Information provided:
┄┄┄┄┄┄
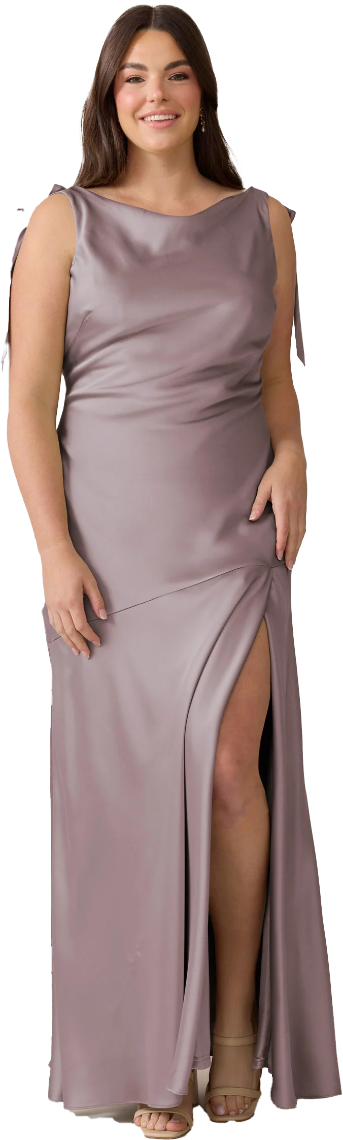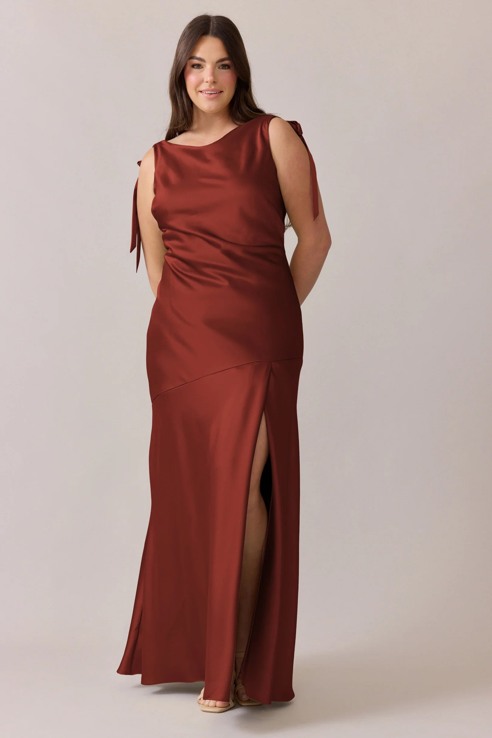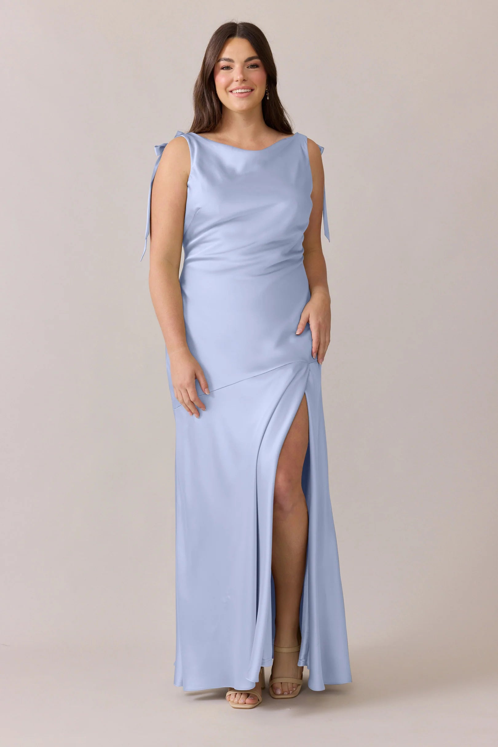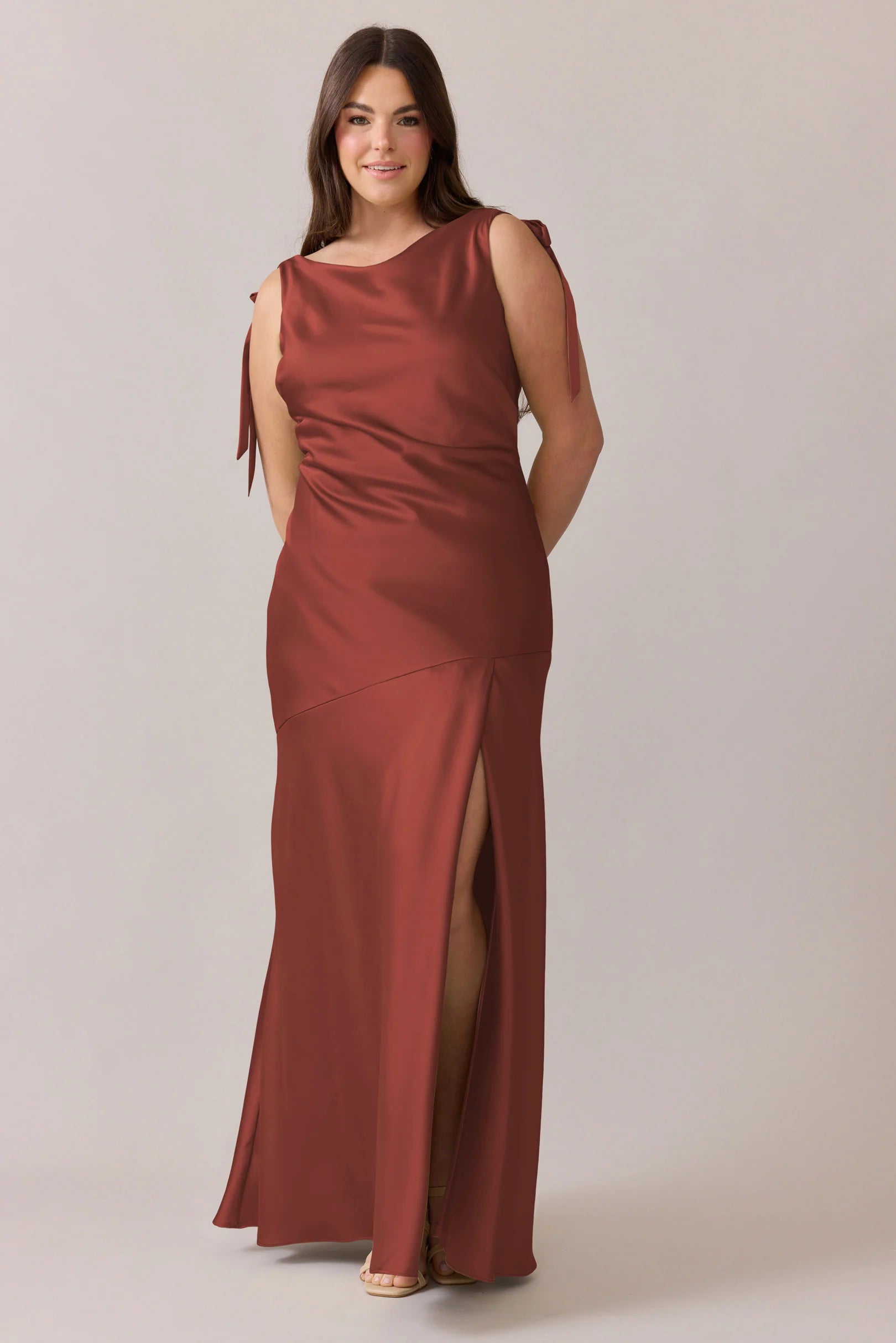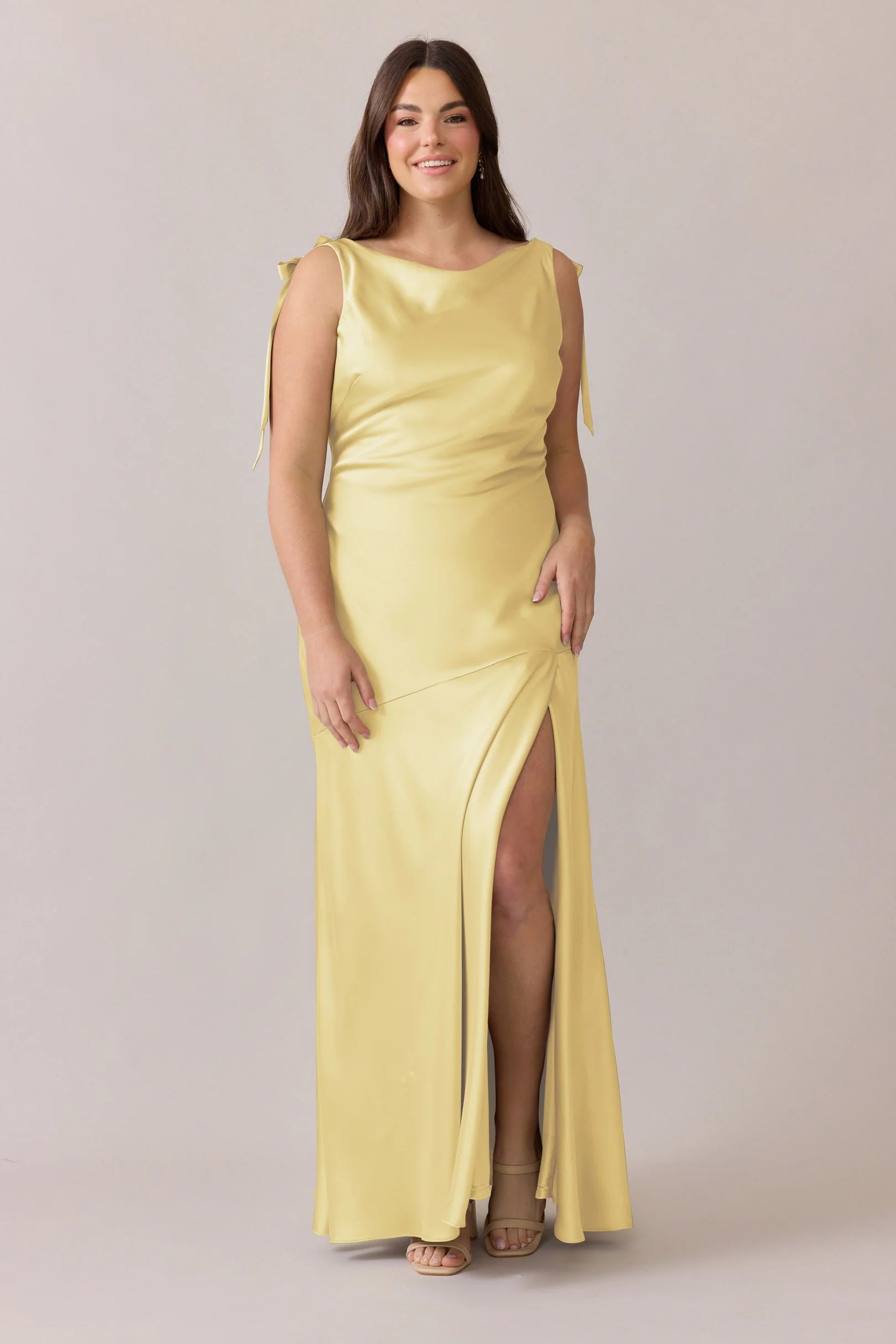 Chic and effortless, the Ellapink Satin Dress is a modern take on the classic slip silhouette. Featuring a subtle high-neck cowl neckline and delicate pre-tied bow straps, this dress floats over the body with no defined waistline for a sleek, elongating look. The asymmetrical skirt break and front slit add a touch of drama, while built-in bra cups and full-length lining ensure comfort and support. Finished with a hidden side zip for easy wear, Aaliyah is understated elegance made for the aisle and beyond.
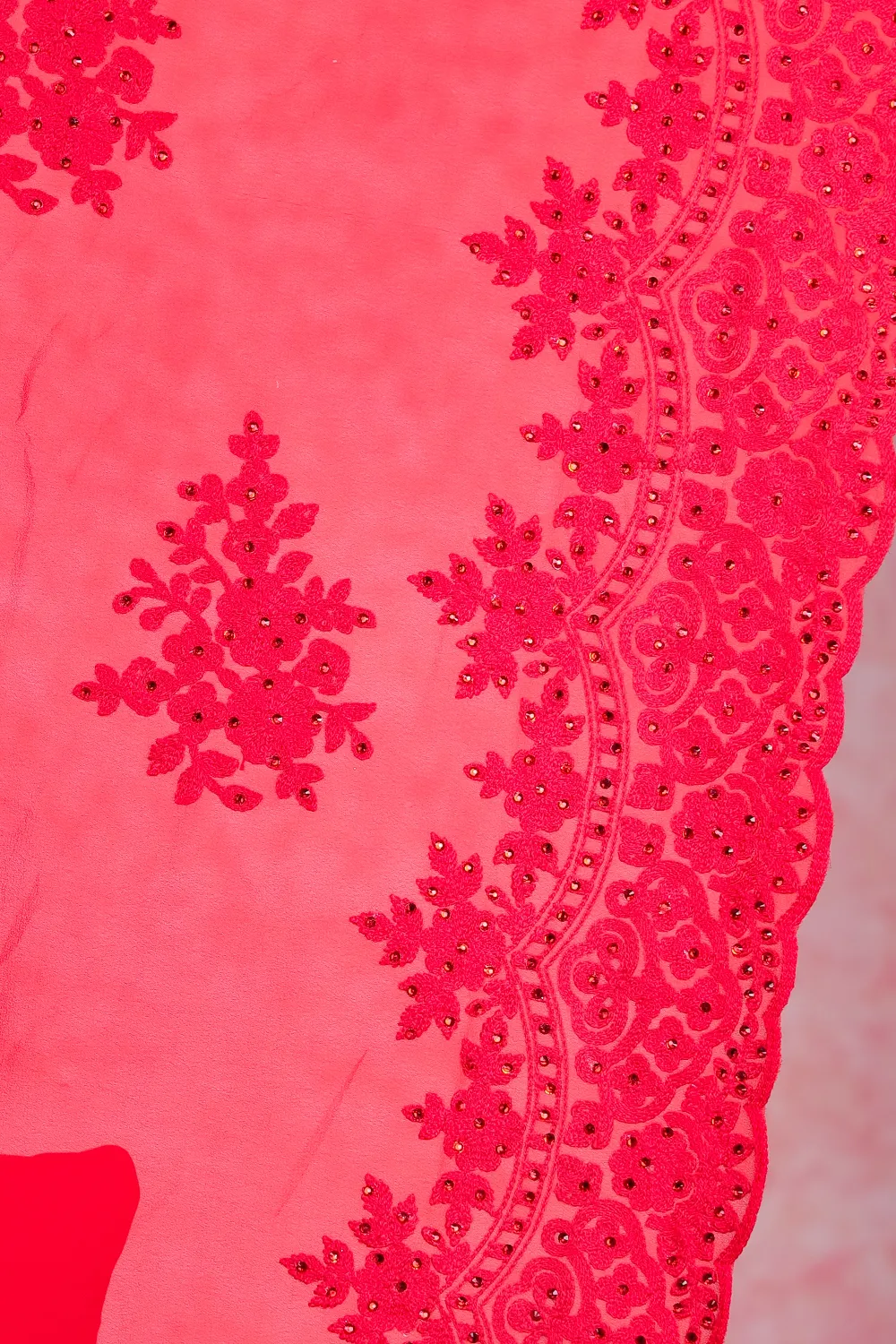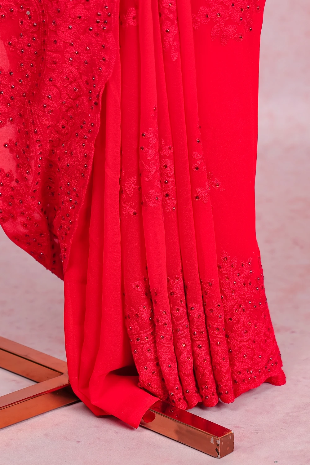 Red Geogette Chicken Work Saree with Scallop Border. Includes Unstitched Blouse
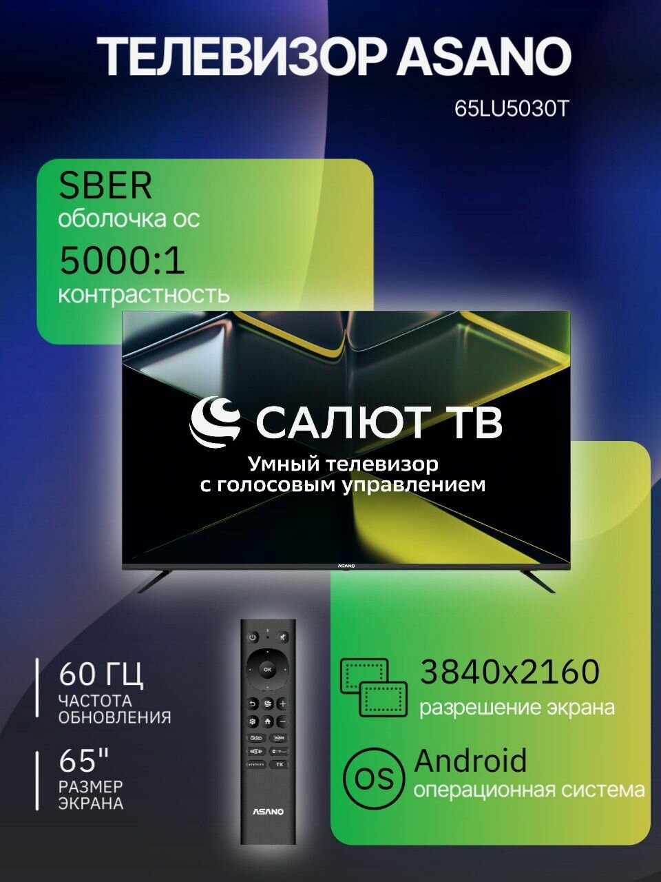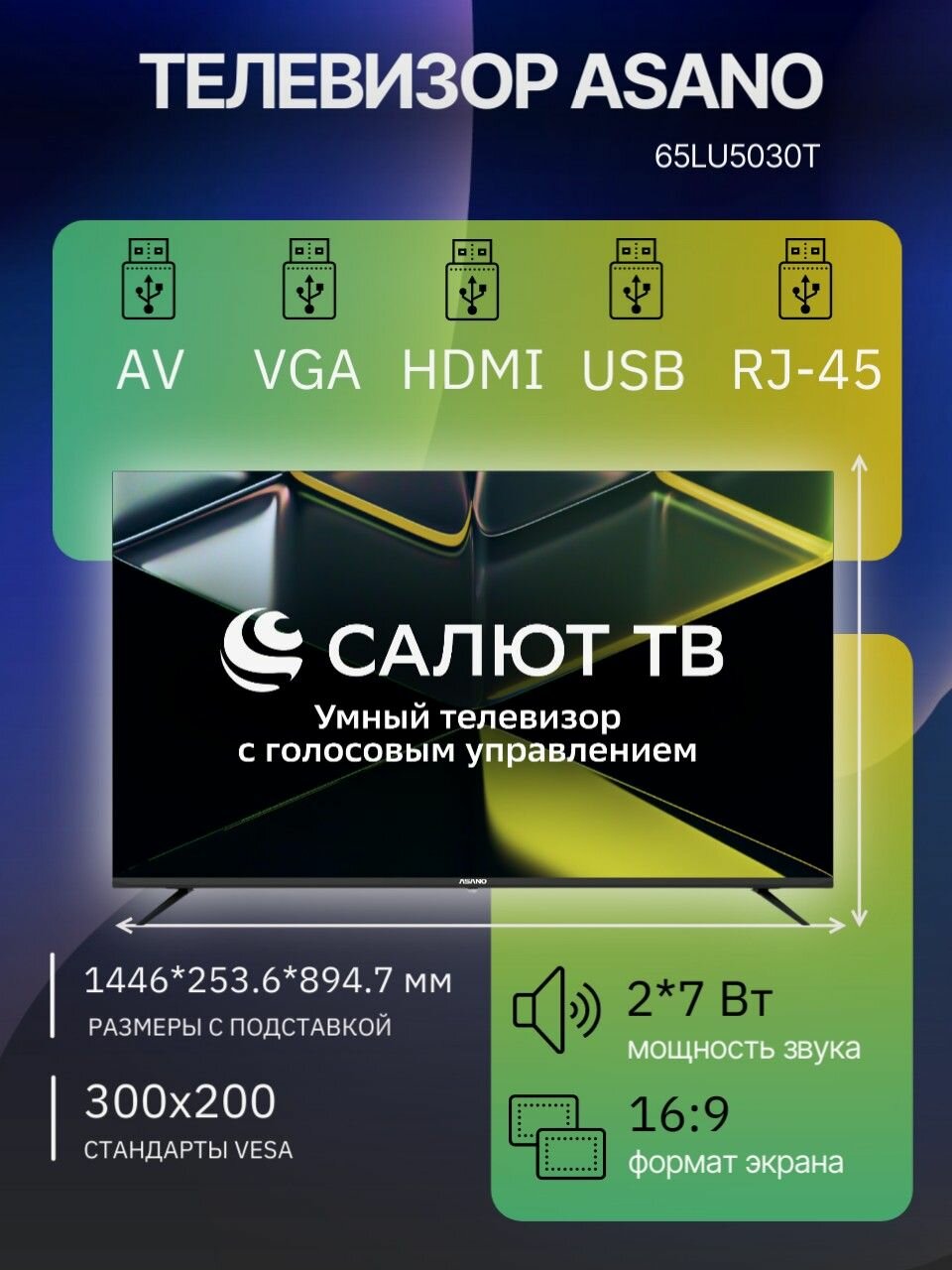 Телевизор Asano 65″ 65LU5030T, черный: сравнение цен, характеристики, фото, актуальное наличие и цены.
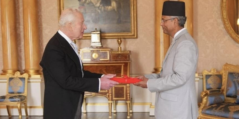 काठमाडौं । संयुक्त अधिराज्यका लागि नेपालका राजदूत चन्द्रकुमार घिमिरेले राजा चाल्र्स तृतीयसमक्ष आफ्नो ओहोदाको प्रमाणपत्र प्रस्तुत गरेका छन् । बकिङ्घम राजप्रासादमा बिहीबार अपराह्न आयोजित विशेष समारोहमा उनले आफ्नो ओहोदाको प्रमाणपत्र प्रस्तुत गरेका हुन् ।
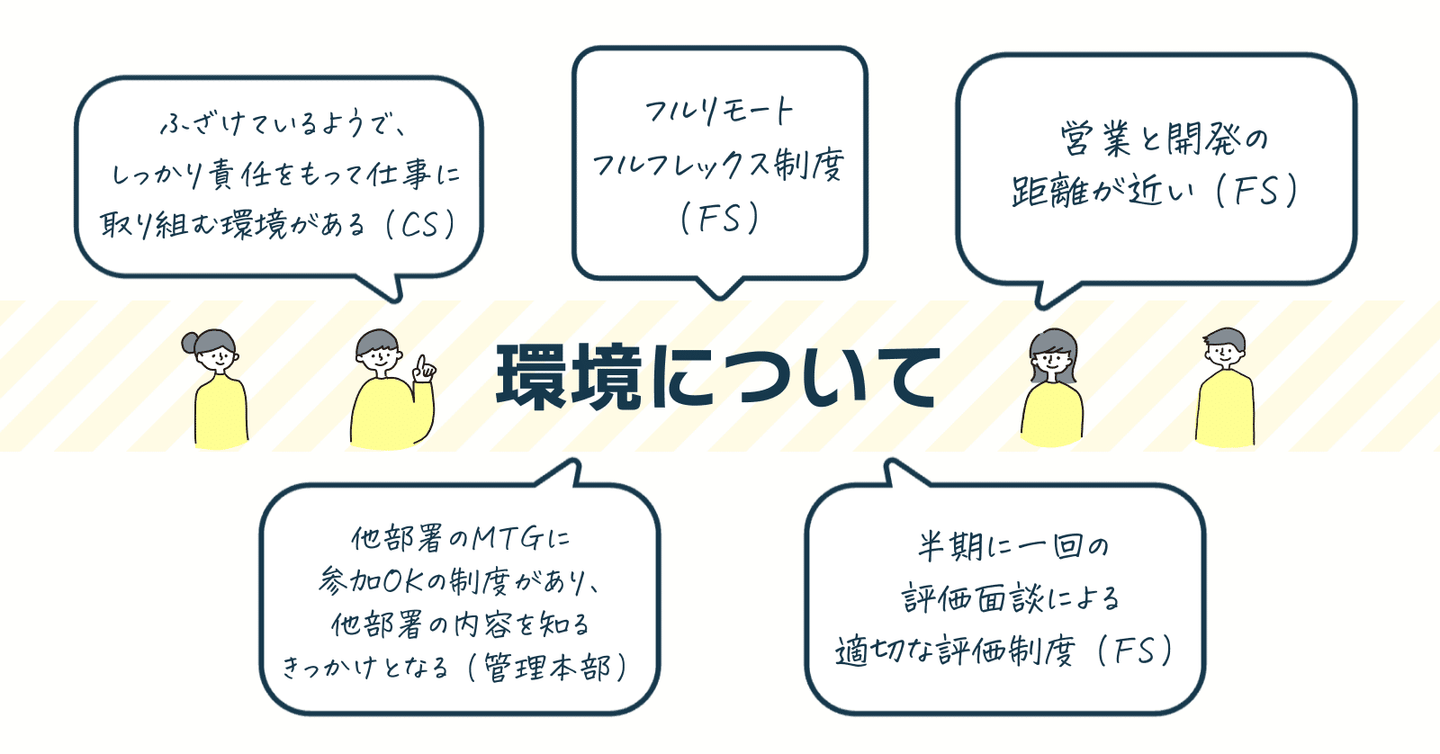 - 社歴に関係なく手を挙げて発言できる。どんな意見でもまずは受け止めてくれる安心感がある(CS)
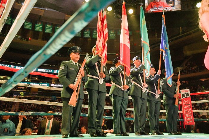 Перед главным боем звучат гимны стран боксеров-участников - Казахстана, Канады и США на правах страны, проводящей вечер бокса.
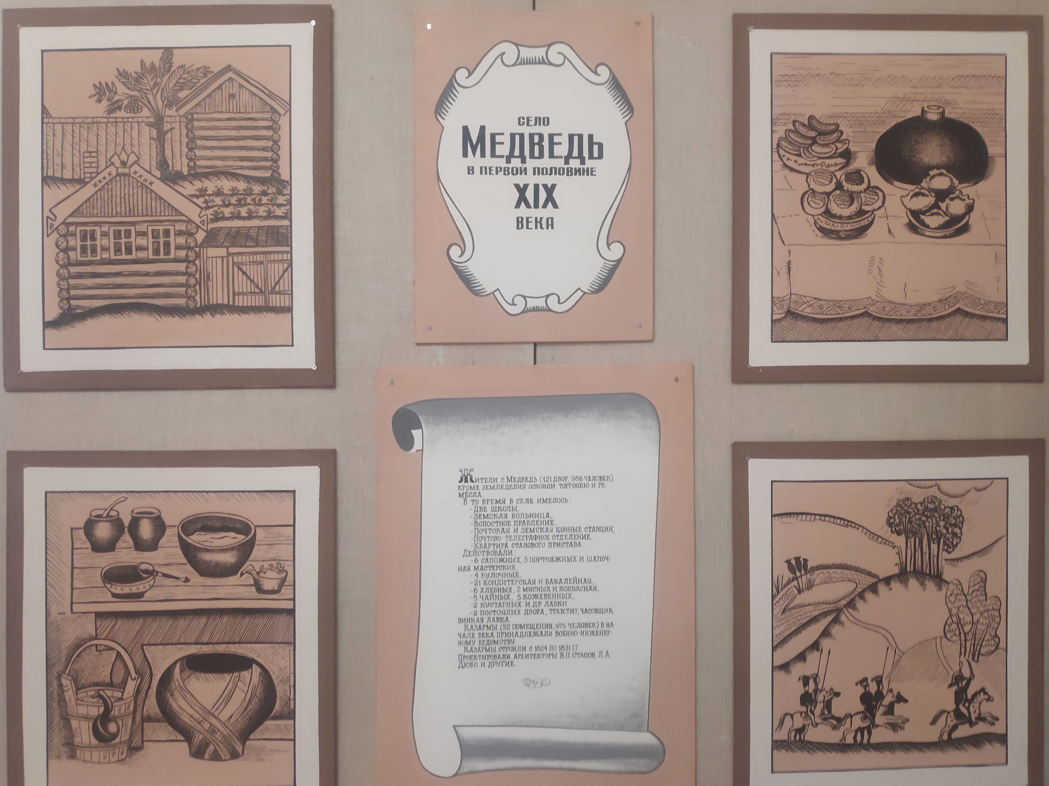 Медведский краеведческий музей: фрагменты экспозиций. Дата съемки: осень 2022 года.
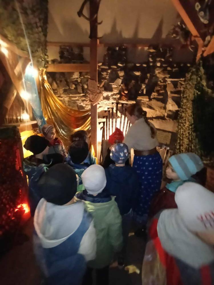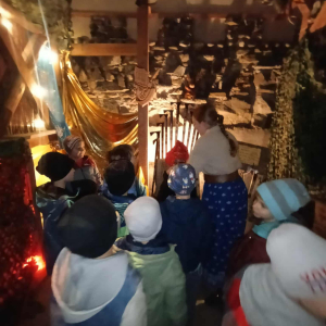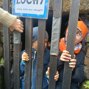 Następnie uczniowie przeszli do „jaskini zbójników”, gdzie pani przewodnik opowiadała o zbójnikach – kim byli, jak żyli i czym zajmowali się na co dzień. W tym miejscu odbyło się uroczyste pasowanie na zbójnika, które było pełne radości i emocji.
┄┄┄┄┄┄
Work instruction:
Repeat every entry above precisely, leaving each picture out.

Answer for the task:
 Chic and effortless, the Ellapink Satin Dress is a modern take on the classic slip silhouette. Featuring a subtle high-neck cowl neckline and delicate pre-tied bow straps, this dress floats over the body with no defined waistline for a sleek, elongating look. The asymmetrical skirt break and front slit add a touch of drama, while built-in bra cups and full-length lining ensure comfort and support. Finished with a hidden side zip for easy wear, Aaliyah is understated elegance made for the aisle and beyond.
 Red Geogette Chicken Work Saree with Scallop Border. Includes Unstitched Blouse
 Телевизор Asano 65″ 65LU5030T, черный: сравнение цен, характеристики, фото, актуальное наличие и цены.
 काठमाडौं । संयुक्त अधिराज्यका लागि नेपालका राजदूत चन्द्रकुमार घिमिरेले राजा चाल्र्स तृतीयसमक्ष आफ्नो ओहोदाको प्रमाणपत्र प्रस्तुत गरेका छन् । बकिङ्घम राजप्रासादमा बिहीबार अपराह्न आयोजित विशेष समारोहमा उनले आफ्नो ओहोदाको प्रमाणपत्र प्रस्तुत गरेका हुन् ।
 - 社歴に関係なく手を挙げて発言できる。どんな意見でもまずは受け止めてくれる安心感がある(CS)
 Перед главным боем звучат гимны стран боксеров-участников - Казахстана, Канады и США на правах страны, проводящей вечер бокса.
 Медведский краеведческий музей: фрагменты экспозиций. Дата съемки: осень 2022 года.
 Następnie uczniowie przeszli do „jaskini zbójników”, gdzie pani przewodnik opowiadała o zbójnikach – kim byli, jak żyli i czym zajmowali się na co dzień. W tym miejscu odbyło się uroczyste pasowanie na zbójnika, które było pełne radości i emocji.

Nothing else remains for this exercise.